§ Exercise aim: In the data below, set down exactly the lines from the one containing "This paper investigates" up to and including the one containing "Rýsovací úhelník na". Leave the pictures out.

§ Task data:
+---+
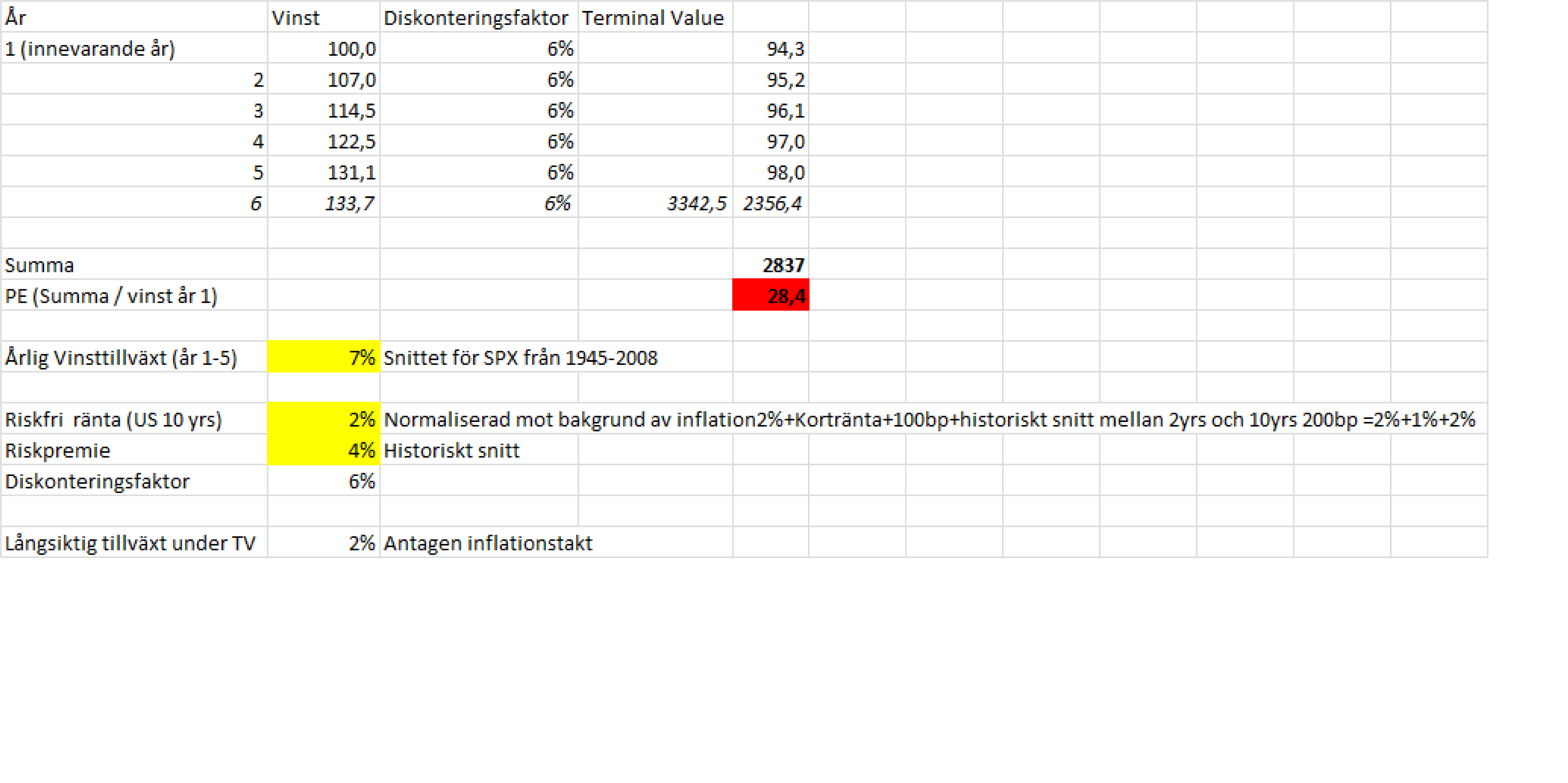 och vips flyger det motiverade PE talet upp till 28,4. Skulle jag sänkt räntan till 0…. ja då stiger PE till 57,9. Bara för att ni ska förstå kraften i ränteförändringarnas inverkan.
+---+
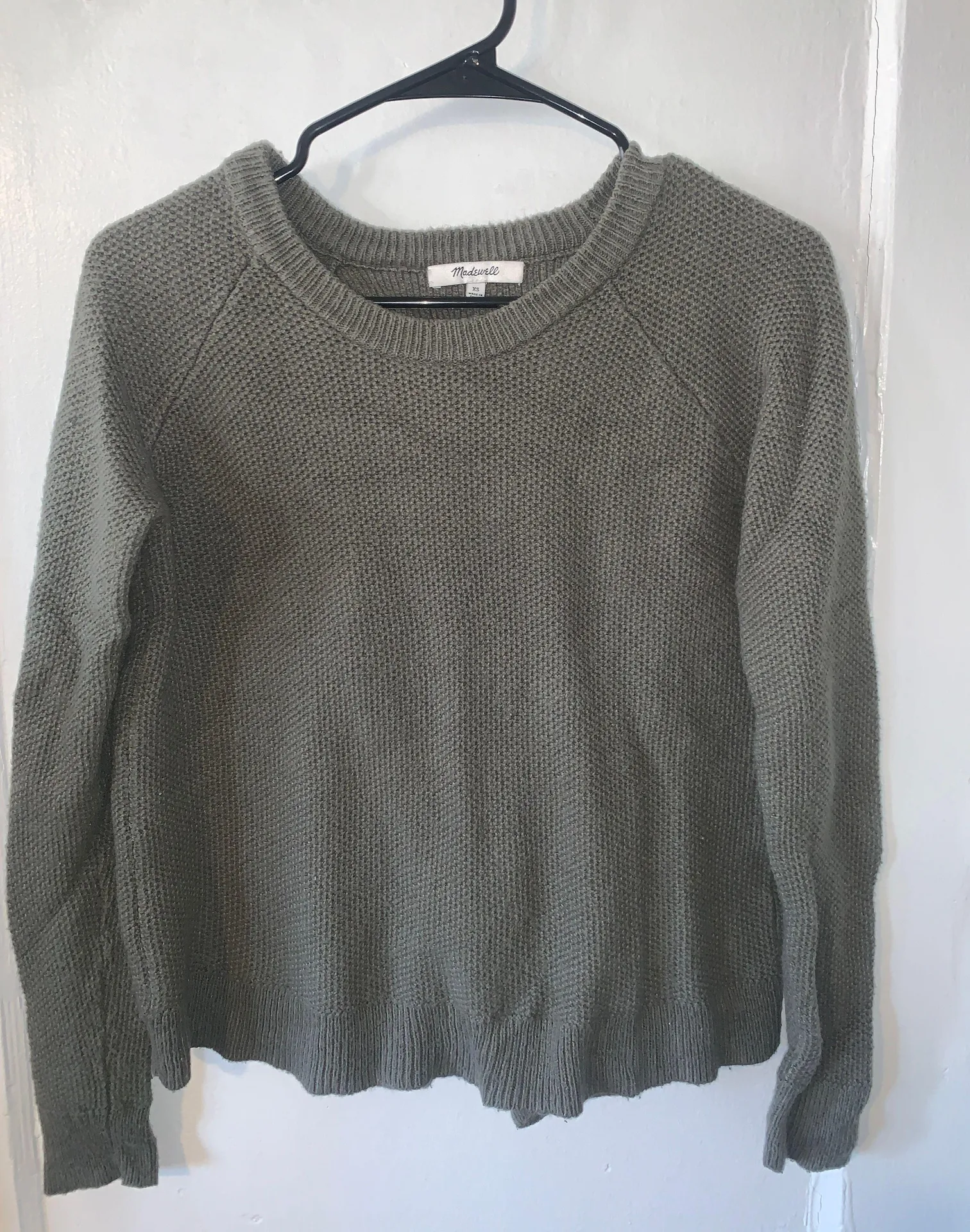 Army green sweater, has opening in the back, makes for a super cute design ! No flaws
+---+
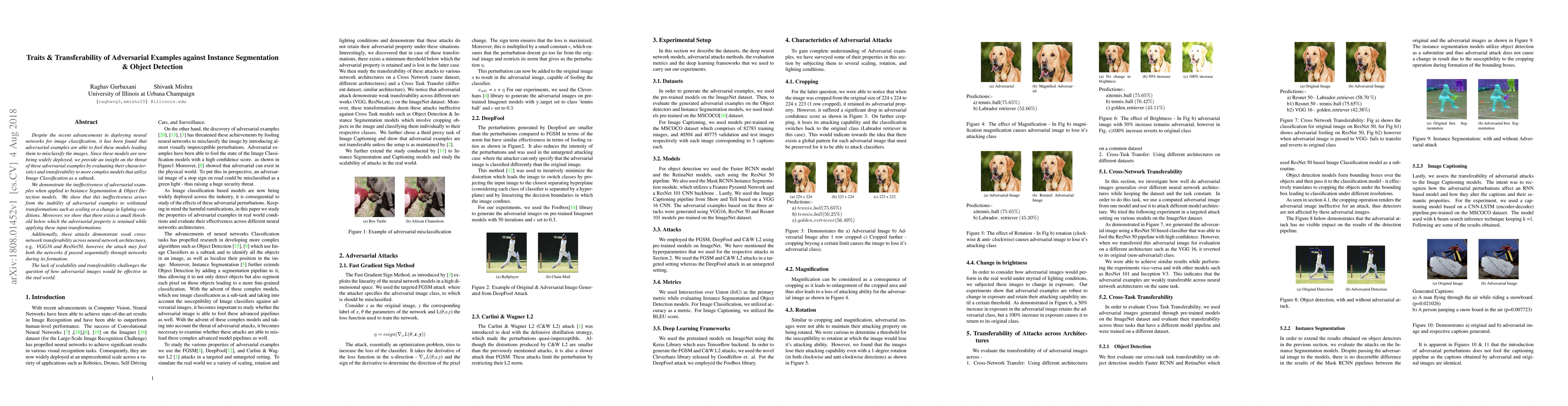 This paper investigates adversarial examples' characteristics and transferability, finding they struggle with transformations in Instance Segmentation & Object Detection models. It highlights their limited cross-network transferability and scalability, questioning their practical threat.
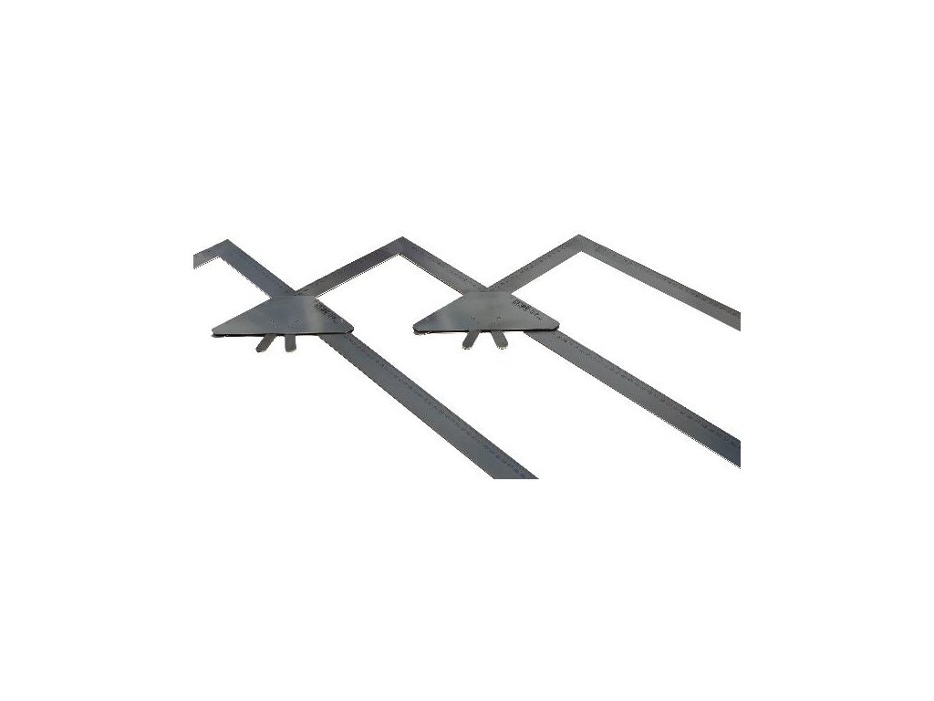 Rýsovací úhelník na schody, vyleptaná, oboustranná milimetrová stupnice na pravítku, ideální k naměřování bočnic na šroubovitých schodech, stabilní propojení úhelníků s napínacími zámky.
+---+
§ Solved exercise:
 This paper investigates adversarial examples' characteristics and transferability, finding they struggle with transformations in Instance Segmentation & Object Detection models. It highlights their limited cross-network transferability and scalability, questioning their practical threat.
 Rýsovací úhelník na schody, vyleptaná, oboustranná milimetrová stupnice na pravítku, ideální k naměřování bočnic na šroubovitých schodech, stabilní propojení úhelníků s napínacími zámky.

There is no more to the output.